(Exercise goal) Reproduce exactly, and only, the lines of the material below running from the line bearing "Anchor Wedding Invitation" through the line bearing "2019级学生开学典礼暨军训". Leave any pictures out.

(Exercise inputs)

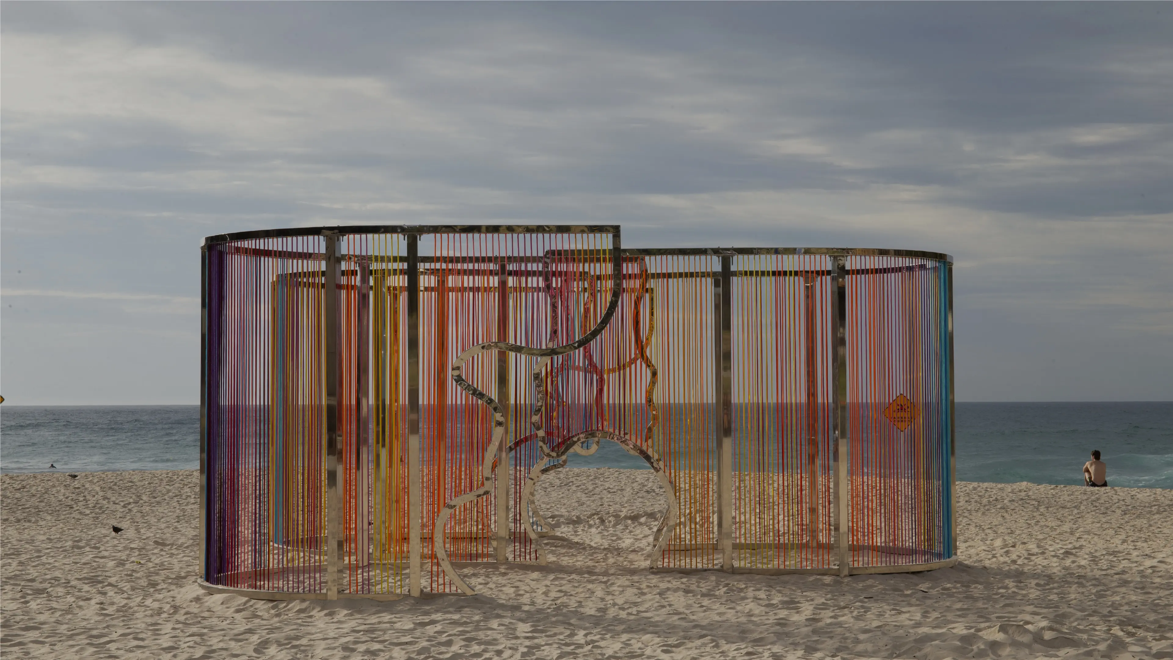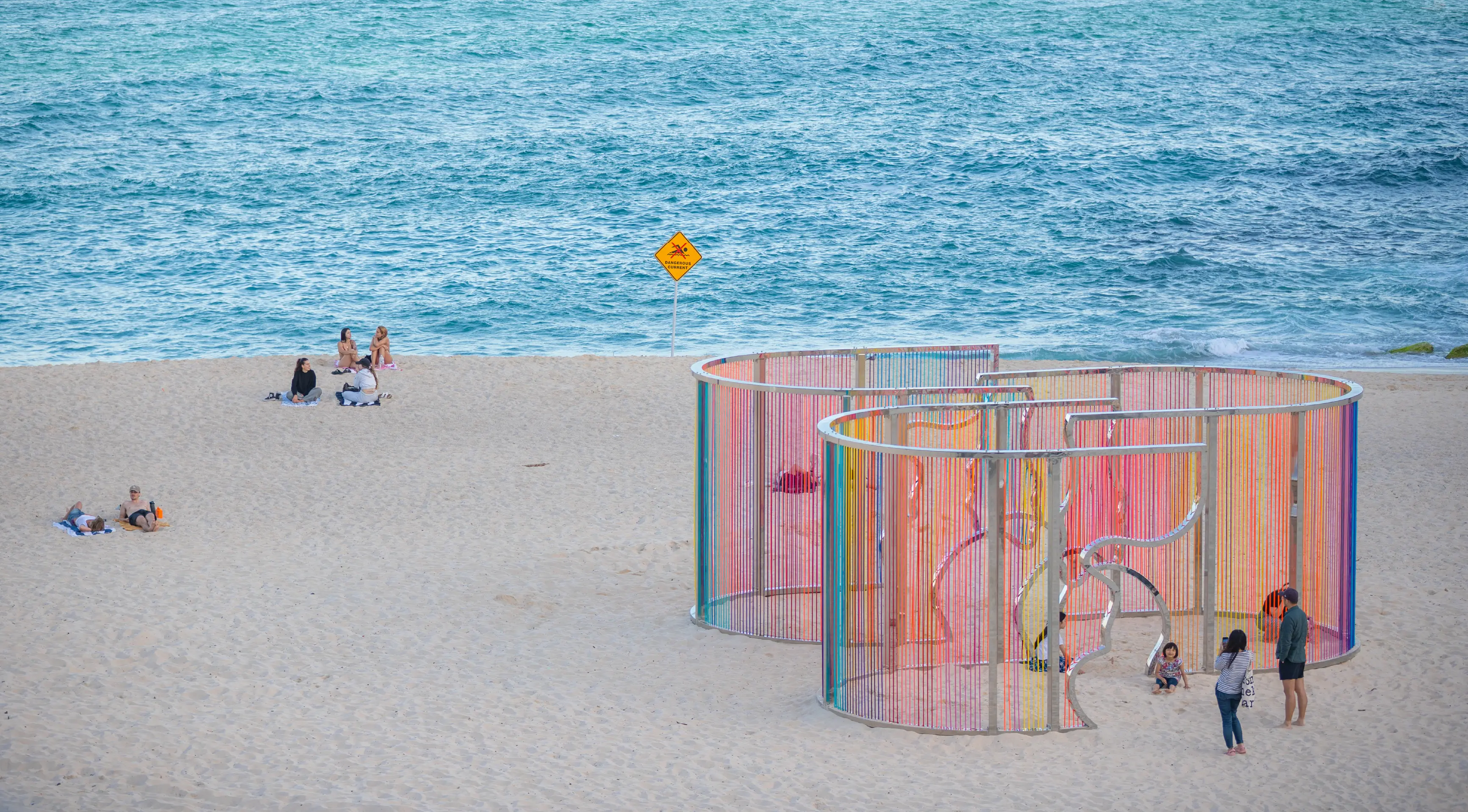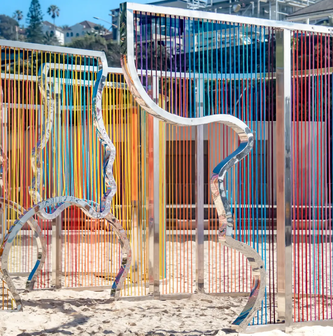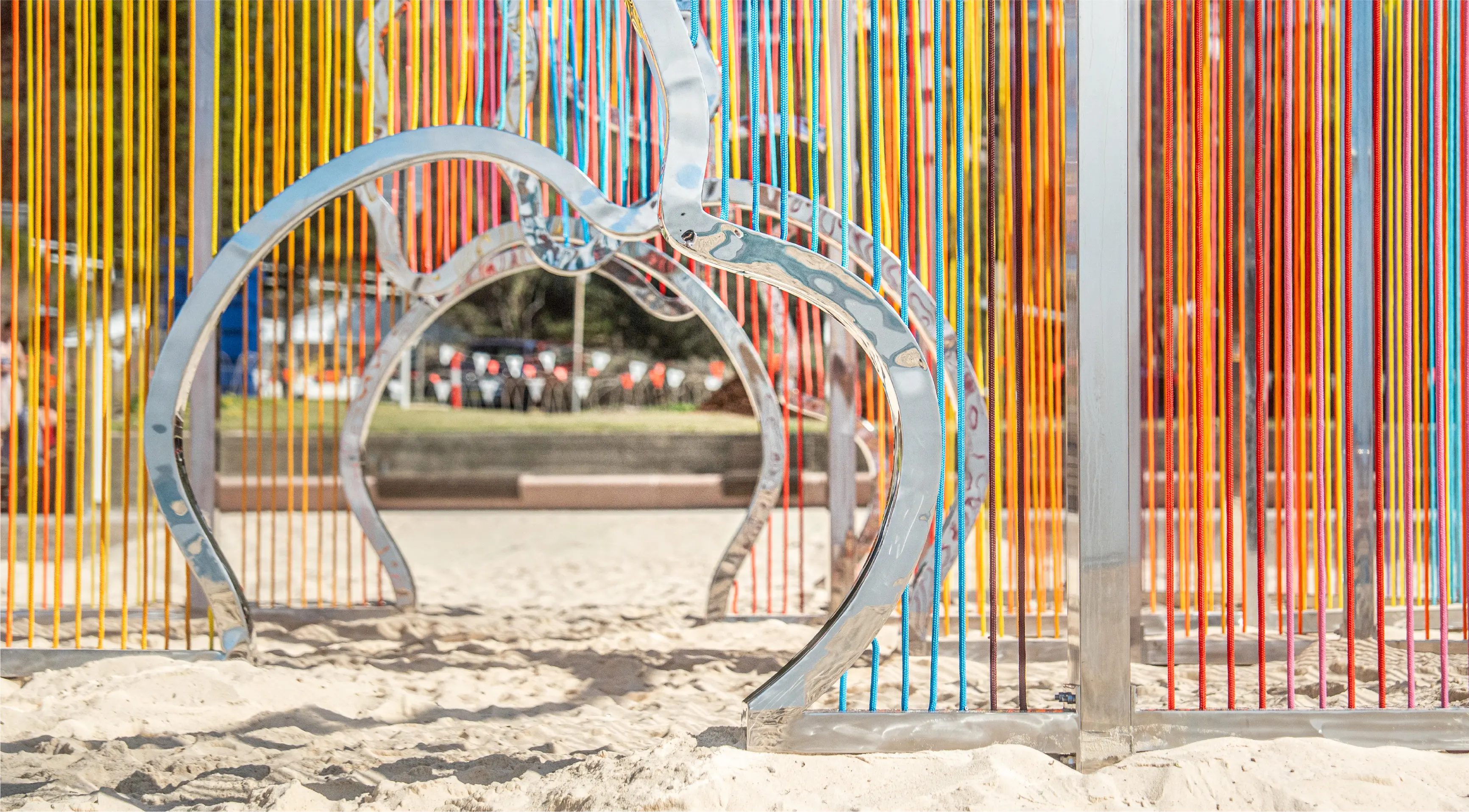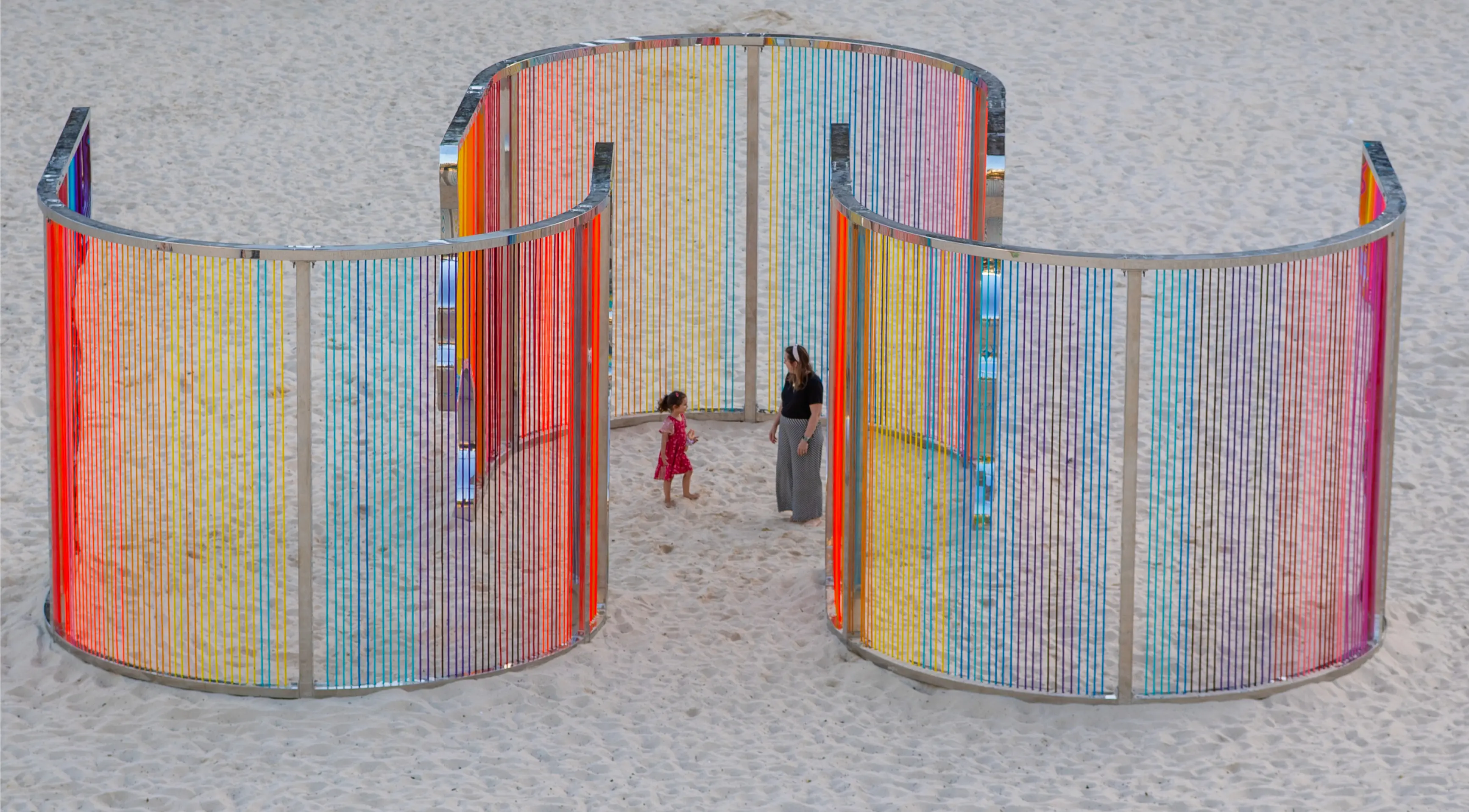 Coastal Threads is an immersive sculpture on Tamarama Beach. Threads in sunset hues form a maze-like structure reflecting Bondi to Bronte's coastline, inviting interaction and offering a fresh perspective on the familiar landscape.
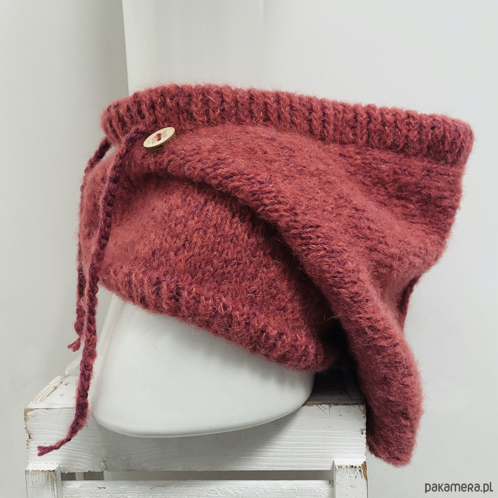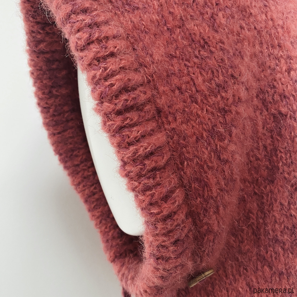 Kominiarkę oversize wykonam ręcznie na drutach z dwóch nitek wysokiej jakości miękkiej norweskiej włóczki.
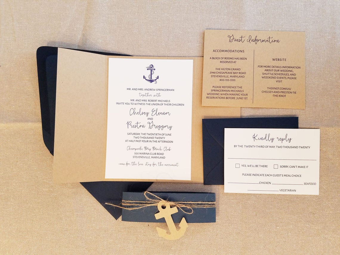Anchor Wedding Invitation Set, Nautical Wedding Invitations, Vintage ...
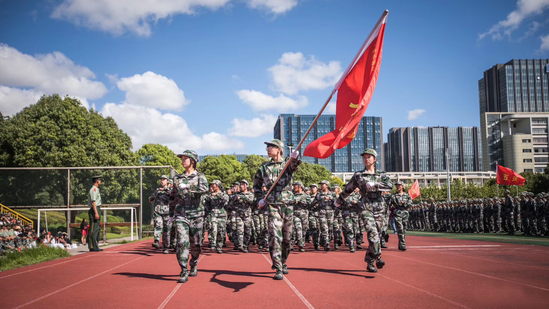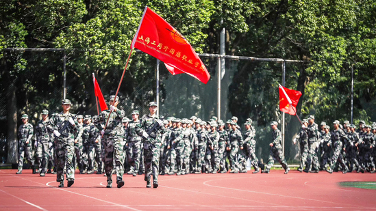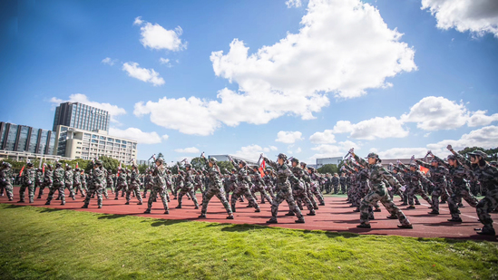 2019级学生开学典礼暨军训成果汇报在全体师生齐唱《歌唱祖国》的歌声中圆满落幕。
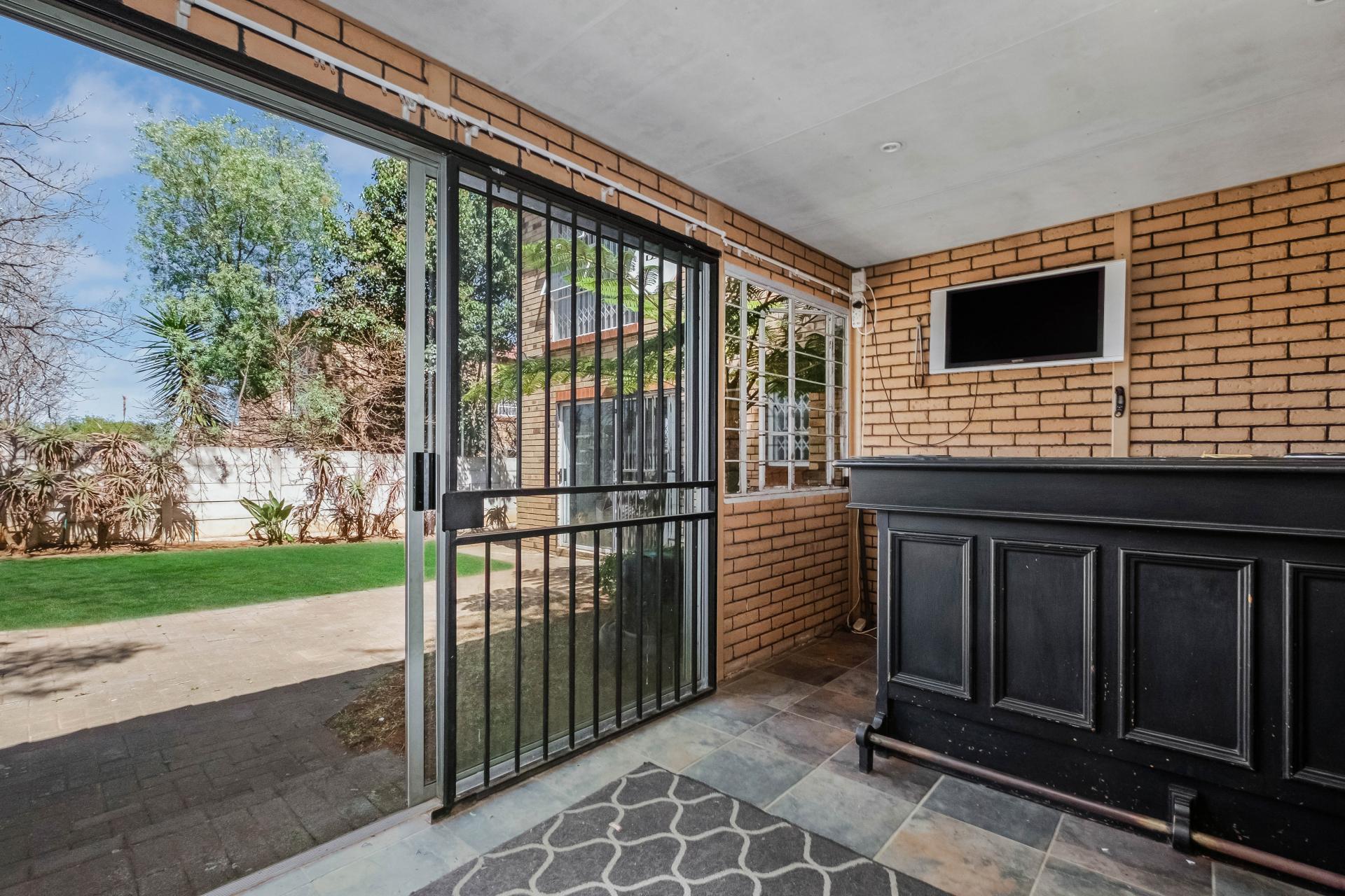 The open plan lounge and kitchen area is designed for modern living and effortless entertaining. The kitchen boasts ample cupboard space, providing all the storage you need for your culinary adventures. The open plan living area offers upgraded tiles and flows from the dining room to the lounge. Serviced with a well appointed guest toilet downstairs. Outside you’ll find a covered patio and built in braai and bar that overlooks the lush and manicured garden - an absolute haven for entertaining and family fun.
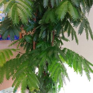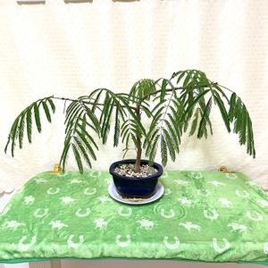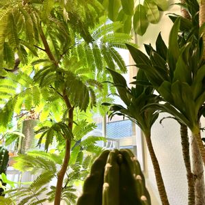 『歓喜』『胸のときめき』。「歓喜」は、いつも不機嫌な父親が、エバーフレッシュの花が入ったお酒を飲んだところ機嫌が良くなり、家族が喜んだ、という中国の古い言い伝えに由来するといわれています。昼は葉を広げ、夜になると閉じるといった変化を楽しむことができる観葉植物です。
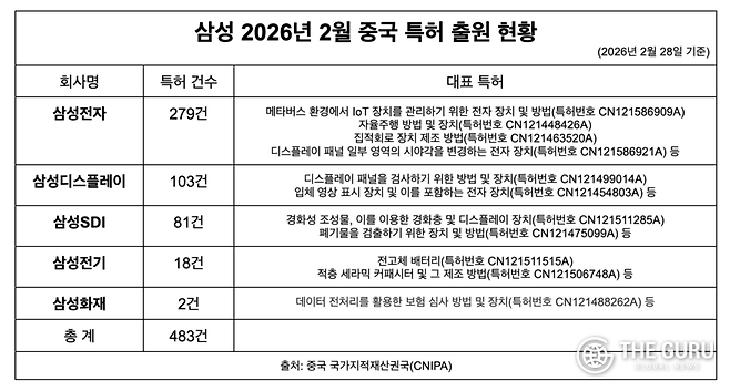 10일 중국 국가지적재산권국(CNIPA)에 따르면 CNIPA는 지난달 삼성전자와 삼성디스플레이, 삼성SDI, 삼성전기, 삼성화재 등이 지난 2019년부터 작년 12월까지 출원한 특허 483건을 승인했다. 이는 작년 같은달 승인 건수(665건) 대비 약 27.4% 감소했지만 2024년 2월 승인된 463건과 비교하면 약 4.3% 증가한 규모다.

(Solution)
Anchor Wedding Invitation Set, Nautical Wedding Invitations, Vintage ...
 2019级学生开学典礼暨军训成果汇报在全体师生齐唱《歌唱祖国》的歌声中圆满落幕。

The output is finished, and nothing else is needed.